Once again there is a small pause in the narrative, and we see a glimpse of the divine perspective on the entire proceedings. A good recent translation of the Hebrew text puts it this way: "What he did was ill in the eyes of the Lord, and he caused him to die as well" (Gen. 38:10).2 Judah knows that he should let Tamar marry his third son, Shelah, but he is still too young, and Judah is getting worried now and sends his daughter-in-law back to her family.

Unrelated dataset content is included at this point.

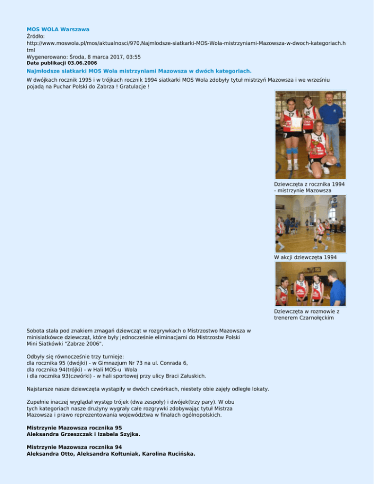 MOS WOLA Warszawa Źródło: http://www.moswola.pl/mos/aktualnosci/970,Najmlodsze-siatkarki-MOS-Wola-mistrzyniami-Mazowsza-w-dwoch-kategoriach.h tml Wygenerowano: Środa, 8 marca 2017, 03:55 Data publikacji 03.06.2006 Najmłodsze siatkarki MOS Wola mistrzyniami Mazowsza w dwóch kategoriach. W dwójkach rocznik 1995 i w trójkach rocznik 1994 siatkarki MOS Wola zdobyły tytuł mistrzyń Mazowsza i we wrześniu pojadą na Puchar Polski do Zabrza ! Gratulacje ! Dziewczęta z rocznika 1994 - mistrzynie Mazowsza W akcji dziewczęta 1994 Dziewczęta w rozmowie z trenerem Czarnołęckim Sobota stała pod znakiem zmagań dziewcząt w rozgrywkach o Mistrzostwo Mazowsza w minisiatkówce dziewcząt, które były jednocześnie eliminacjami do Mistrzostw Polski Mini Siatkówki "Zabrze 2006". Odbyły się równocześnie trzy turnieje: dla rocznika 95 (dwójki) - w Gimnazjum Nr 73 na ul. Conrada 6, dla rocznika 94(trójki) - w Hali MOS-u Wola i dla rocznika 93(czwórki) - w hali sportowej przy ulicy Braci Załuskich. Najstarsze nasze dziewczęta wystąpiły w dwóch czwórkach, niestety obie zajęły odległe lokaty. Zupełnie inaczej wyglądał występ trójek (dwa zespoły) i dwójek(trzy pary). W obu tych kategoriach nasze drużyny wygrały całe rozgrywki zdobywając tytuł Mistrza Mazowsza i prawo reprezentowania województwa w finałach ogólnopolskich. Mistrzynie Mazowsza rocznika 95 Aleksandra Grzeszczak i Izabela Szyjka. Mistrzynie Mazowsza rocznika 94 Aleksandra Otto, Aleksandra Kołtuniak, Karolina Rucińska. Gratulacje dla dziewcząt i ich trenera pana Krzysztofa Czarnołęckiego. Powodzenia na wrześniowych finałach w Zabrzu. Komentarz (0) dodaj komentarz Brak komentarzy dodaj komentarz

Have you noticed that this seems to be a very dysfunctional family? I'm not talking about the levirate marriage, which is indeed strange in a Western cultural context. I'm talking about Judah's family. He left home and married a Canaanite woman (verses 1, 2). Perhaps he felt guilty each day when he looked into the eyes of his father, Jacob (or perhaps he did not even dare to look him in the eyes anymore), because of his infamous role in the kidnapping and selling of his younger brother Joseph to an Ishmaelite trading caravan (Gen. 37:26-28). Whatever it was, he had moved out, and his first two sons followed in the footsteps of their father. Judah's future looks dark, since future is connected with children, grandchildren, and great-grandchildren in the biblical context, and so far neither of the latter populates his compound. Even more, his wife passes away (Gen. 38:12), and now he is really alone. Judah decides to hang on to his third son, Shelah (verse 14). After all, his first two sons' marriage to Tamar did not really seem to do them much good--at least that's how it appeared from the outside.

Tricked
Tamar is not a passive puppet in this story. Once she realizes that Judah is not planning to have Shelah marry her, she dresses up as a prostitute and waits beside the road. In ancient times (as in modern times), respectable women generally did not just sit next to the road waiting for Godot. Women sitting next to the road outside of a city generally belonged to the oldest trade on Planet Earth, and Judah enters into negotiation with the strange but alluring lady. A price is settled upon that he does not carry with him, so he has to present three items as a pledge: his personal seal, the cord he carries, and the staff he uses. Judah and the "faceless" prostitute have intercourse, and Judah is out of there--after all, this was just a one-night stand.

More Righteous?
Tamar is pregnant, and the news reaches her father-in-law after the first trimester, when things begin to show. Judah is indignant: "Bring her out and let her be burned!" (verse 24),* and we wonder a bit why nobody shouted after his indiscretion. However, the situation seems to get out of control. Tamar, pulled out of her father's compound, is about to be killed, when she presents Judah's pledge items. Yes, he is the father of her unborn baby. And Judah exclaims: "She has been more righteous than I" (verse 26). It is here that I stop in my reading, surprised to look at my own reflection, or perhaps yours? Tamar is taken care of, and she has not only one but two sons (verses 27-30). Tamar appears in the Davidic genealogy together with the other biblical female protagonist we find in Ruth 4:12. I'm not too worried about Tamar. But I am worried about Judah and his household and myself.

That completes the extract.